• About this task: Retype the data exactly, skipping any picture in it.

• Data:
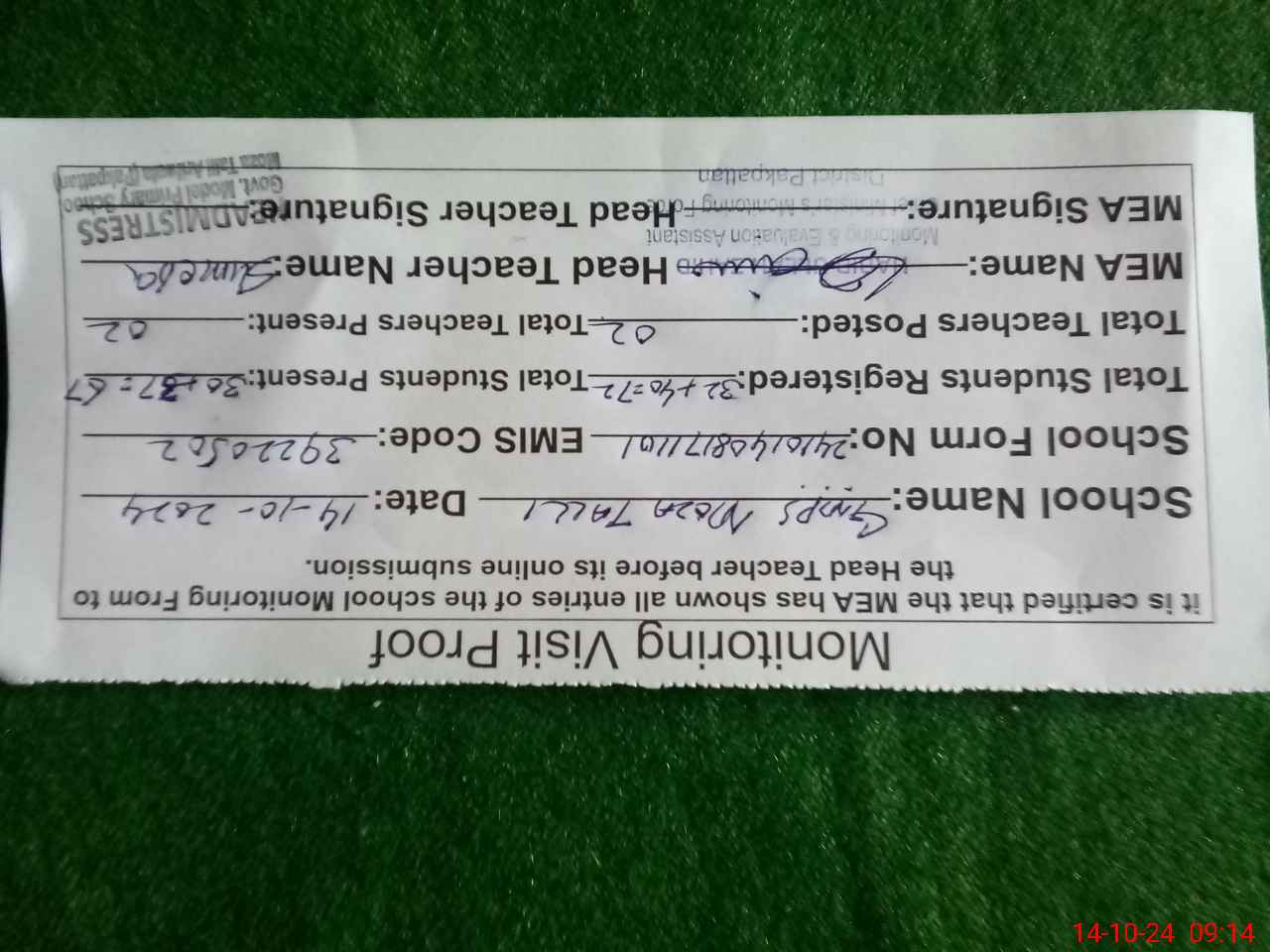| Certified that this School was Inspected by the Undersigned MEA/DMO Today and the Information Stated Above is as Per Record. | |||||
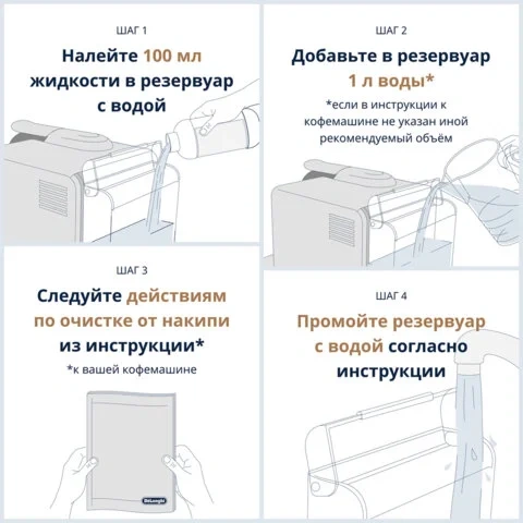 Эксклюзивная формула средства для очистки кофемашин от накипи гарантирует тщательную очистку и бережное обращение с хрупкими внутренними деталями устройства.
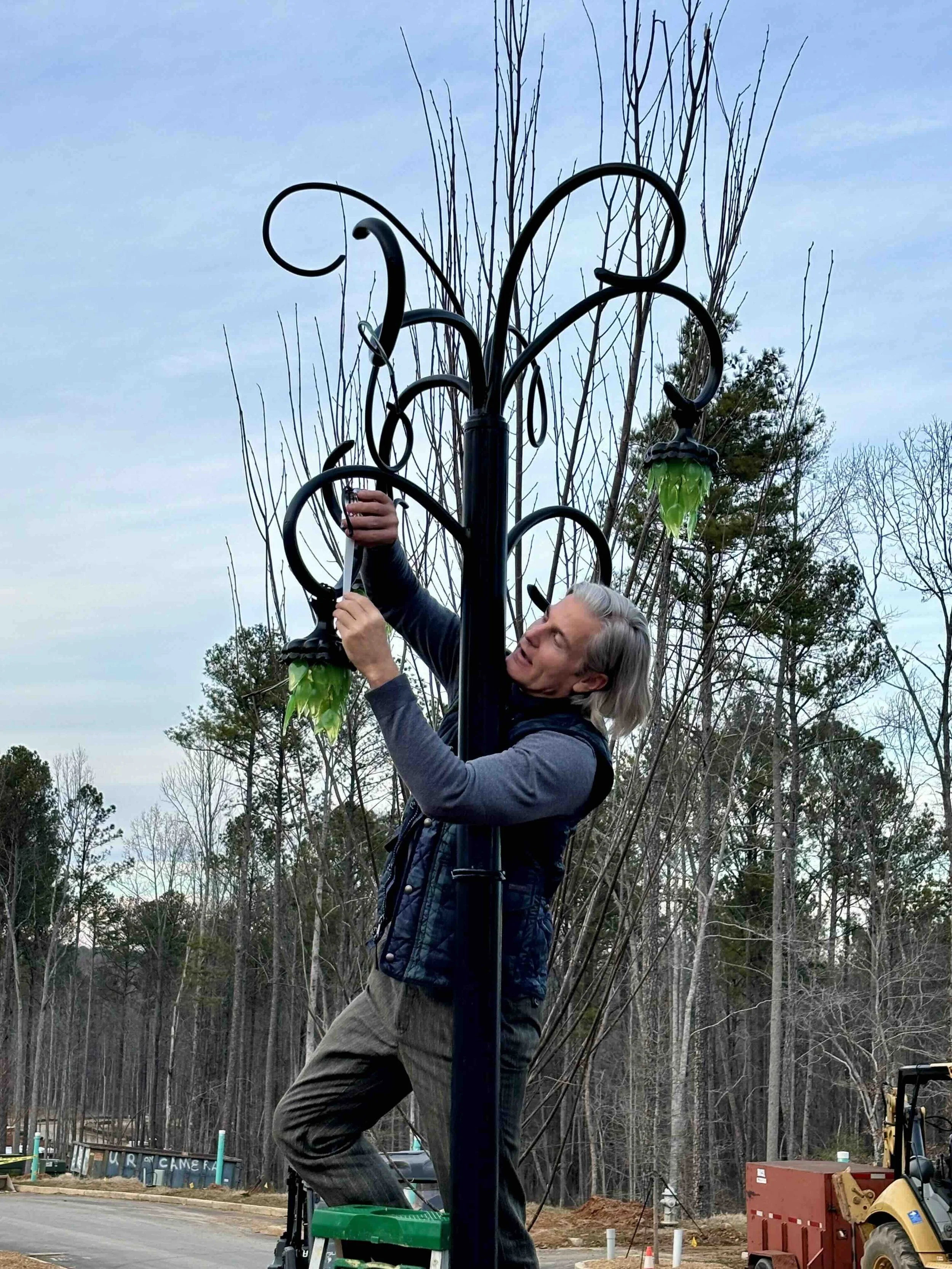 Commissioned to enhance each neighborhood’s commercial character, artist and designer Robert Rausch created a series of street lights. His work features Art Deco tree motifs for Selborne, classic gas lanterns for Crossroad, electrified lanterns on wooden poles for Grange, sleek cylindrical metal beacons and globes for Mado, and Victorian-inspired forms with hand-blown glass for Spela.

• Solution for this problem:
| Certified that this School was Inspected by the Undersigned MEA/DMO Today and the Information Stated Above is as Per Record. | |||||
 Эксклюзивная формула средства для очистки кофемашин от накипи гарантирует тщательную очистку и бережное обращение с хрупкими внутренними деталями устройства.
 Commissioned to enhance each neighborhood’s commercial character, artist and designer Robert Rausch created a series of street lights. His work features Art Deco tree motifs for Selborne, classic gas lanterns for Crossroad, electrified lanterns on wooden poles for Grange, sleek cylindrical metal beacons and globes for Mado, and Victorian-inspired forms with hand-blown glass for Spela.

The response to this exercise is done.